El exsecretario general de la Organización de Estados Americanos (OEA) y ex canciller de Chile, descarta en entrevista con EL DÍNAMO que la operación estadounidense se trate de un cambio de régimen y advierte que Washington busca “manejar” Venezuela negociando con el régimen actual. Asimismo, asegura que las posibilidades de Bachelet de llegar a la ONU están intactas y defiende el no pronunciamiento de la ex mandataria en medio del conflicto: “El secretario general por lo general no emite las declaraciones de Naciones Unidas y menos debería hacerlo un candidato o candidata a secretario general”, sostiene.
“Estados Unidos quería manejar a Venezuela, y eso ha quedado absolutamente claro”
—Ya han pasado tres días desde que se llevó a cabo esta operación. ¿Cree que es más clara la situación y la intención de Estados Unidos con esta acción sobre el régimen venezolano?
—Sí, yo creo que es absolutamente clara. Lo que Estados Unidos quería era, de alguna manera, manejar a Venezuela. Y eso claramente ha quedado en las palabras del presidente Trump y sobre todo en las del canciller Marco Rubio, que ha dicho que ellos intentaron negociar con Maduro, quien siempre se resistió y no quiso, y por lo tanto no tuvieron más remedio que hacer lo que hicieron. Trump no habla en ninguna parte de narcotráfico, en ninguna parte. Y al mismo tiempo dice que probablemente con Delcy Rodríguez, ahora presidenta, va a ser más fácil negociar y conversar, que se pueden entender con ella y que si no se entiende van a hacer lo mismo de nuevo.
—La contraparte de lo que menciona es que la oposición venezolana, encabezada por María Corina Machado, no liderará esta transición. ¿A qué le atribuye esta decisión de Trump?

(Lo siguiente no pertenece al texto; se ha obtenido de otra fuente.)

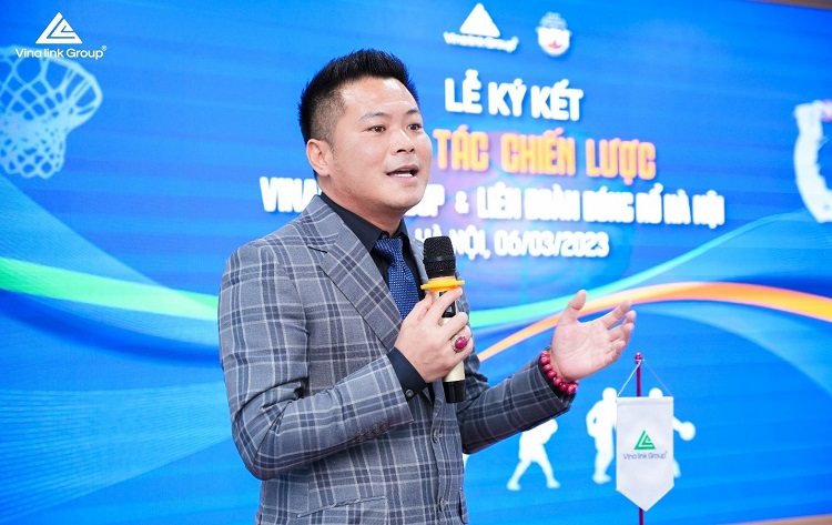- Vina link Group đã đồng hành cùng Liên đoàn Bóng rổ Hà Nội kể từ những ngày đầu thành lập, sản phẩm Vina link Group là nước giàu Hydrogen Quantum cũng đã tài trợ trong nhiều giải đấu, hỗ trợ các vận động viên trong quá trình thi đấu. Nhưng tôi muốn nhấn mạnh “chiến lược” trong buổi lễ ký kết này là bởi vì sắp tới chúng tôi sẽ hỗ trợ các vận động viên nhiều hơn nữa. Chúng tôi đã nghiên cứu và sắp cho ra mắt trên thị trường dòng sản phẩm chuyên biệt cho vận động viên thể thao, đó là sản phẩm được nghiên cứu trên thể trạng người Việt, bổ sung năng lượng cho các vận động viên thi đấu.
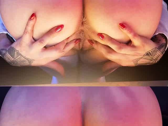 SPH busty inked babe in high heel boots wanks small pecker
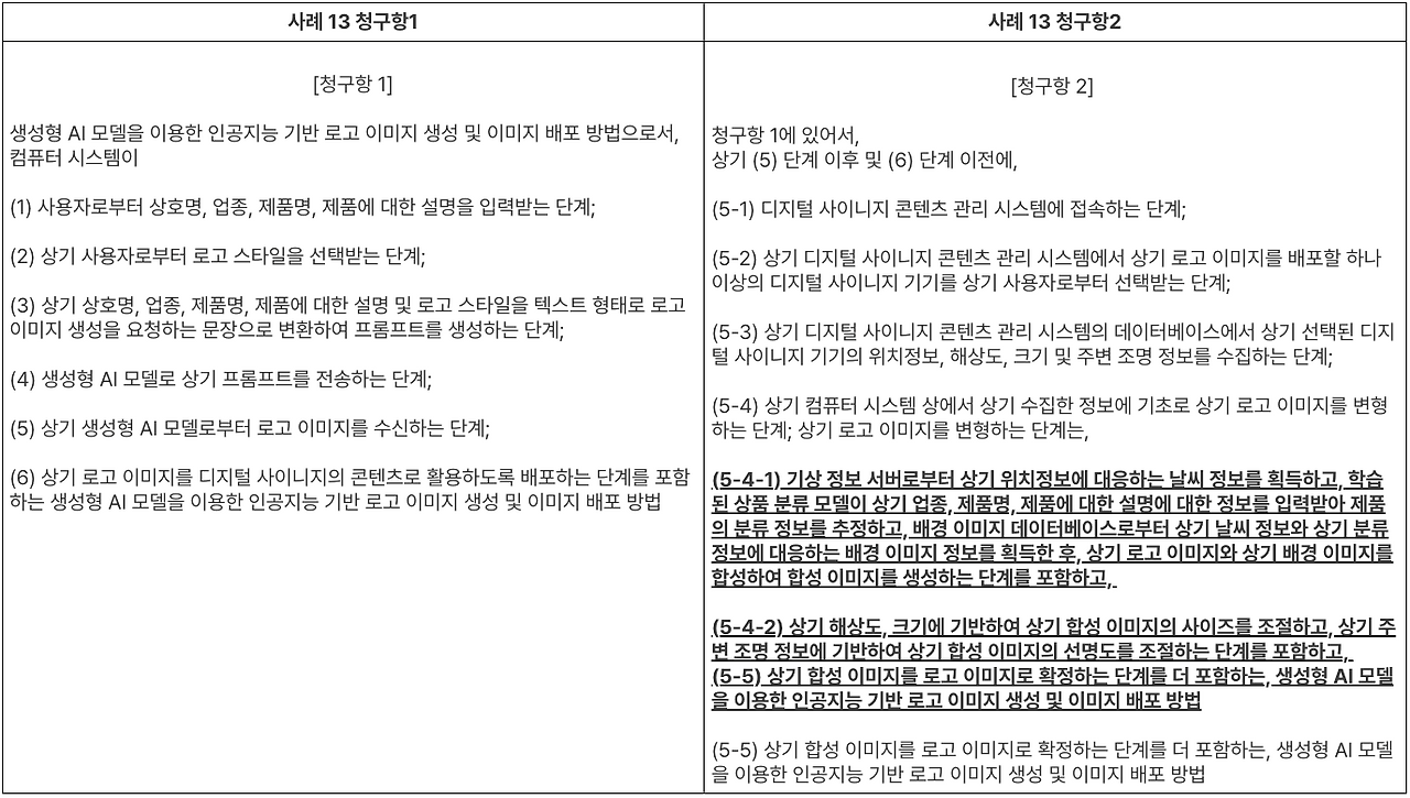 사례13의 핵심은 '생성 이후의 기술적 처리'에 있다. 생성형 AI로 콘텐츠를 생성하는 것 자체는 진보성을 인정받기 어렵지만, 생성된 콘텐츠를 실제 환경(디지털 사이니지)에 최적화하기 위한 장치 특성 수집, 환경 정보(날씨, 조도) 반영, 자동 적응 등의 후처리 기술 구성이 결합될 때 진보성이 인정될 수 있다는 것이다. 이는 생성형 AI의 출력물을 현실 세계의 특정 하드웨어나 환경 조건에 맞추어 가공하는 기술이 독립적인 진보성의 근거가 될 수 있음을 분명히 보여준다.

—Porque el tema no es la democracia. A mí no me cabe ninguna duda que, más allá de cualquier cosa, María Corina Machado estaba luchando por una democracia en Venezuela y el gobierno de Trump plantea que lo relevante para ellos no es la democracia, sino el interés nacional de Estados Unidos. Y eso se puede proteger con un gobierno instalado y no con uno por instalar.
—¿Qué tan problemático es eso para la resolución de este conflicto?
—Bueno, está bastante claro que la democracia no es la prioridad y tampoco lo es el multilateralismo.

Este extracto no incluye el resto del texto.